As a result of introducing these soft labels, we saw a ~0.05 increase in the test F1 score, demonstrating that this labeling strategy provided useful information for the model training. This technique helped us achieve strong predictive capabilities at low levels of chip coverage, identifying chips with just 0.1% of pixels labeled as aquaculture.
Temporal strategies to address false positives
THE CHALLENGE
A common remote sensing challenge that we encountered relates to differentiating between similar kinds of land use. As we reviewed predicted aquaculture with Seafood Watch experts, we found that some of the areas the model had identified as aquaculture were actually salt pans or rice paddies. In India, these have a lot of similarities to aquaculture – they are generally rectangular trenches dug in low-lying areas, and are periodically filled with water and drained over the harvesting season. From satellite imagery, it can be hard to distinguish these types of land use from aquaculture.

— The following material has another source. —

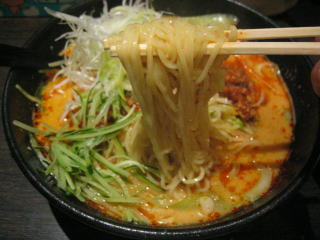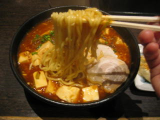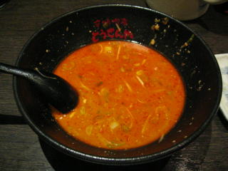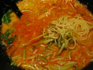 一見して辛そうなラーメンに変身しました。

Salt evaporation ponds. Source: NASA
Flooded rice fields. Source: EUMETSAT
HOW WE APPROACHED IT
Through research and consulting with Seafood Watch experts, we realized that these features have different temporal patterns, as the seasonality and timing of the flooding and draining differs for each type of framing. When they are drained, you can often visually see differences between the salt pans, rice fields, and aquaculture ponds.
We wanted to create embeddings that could effectively capture different farming events to allow the model to differentiate between these land use types. Based on an approach using different percentiles of imagery composites in a machine learning model by Greenstreet et. al, we created two embeddings for any given area, each representing a different “slice” of the imagery. Using imagery values over the course of several months, typical imagery composites slice the image down the middle – we use the median value to create an image to embed with Clay. Instead, we took the 25th and 75th percentile values for each pixel to create two images, the former which would represent what aquaculture ponds looked like filled, and the latter which would represent them when drained. For every chip, each of the two images were embedded and the resulting embeddings were concatenated to create a single 2048-dimensional embedding.
Implementing this percentile-based embedding approach resulted in an ~0.03 F1 increase. In manual review, we visually saw fewer of these incorrectly identified examples. Depending on the presence of rice or salt farming in the areas the model is applied to, this approach could potentially have an even greater impact in improving model performance.
25th percentile and 75th percentile image composites, with red boxes highlighting areas where aquaculture ponds can be shown filled vs. drained.
Applying the model across multiple years
THE CHALLENGE
The last challenge we’ll discuss is in training a model that can apply across geographies and time. While the model performed well in regions outside of the training data geographically, when testing model performance across previous years outside of our training data, we saw a significant drop in performance. The model classified many more chips as aquaculture, incorrectly, compared to years that it had seen during training.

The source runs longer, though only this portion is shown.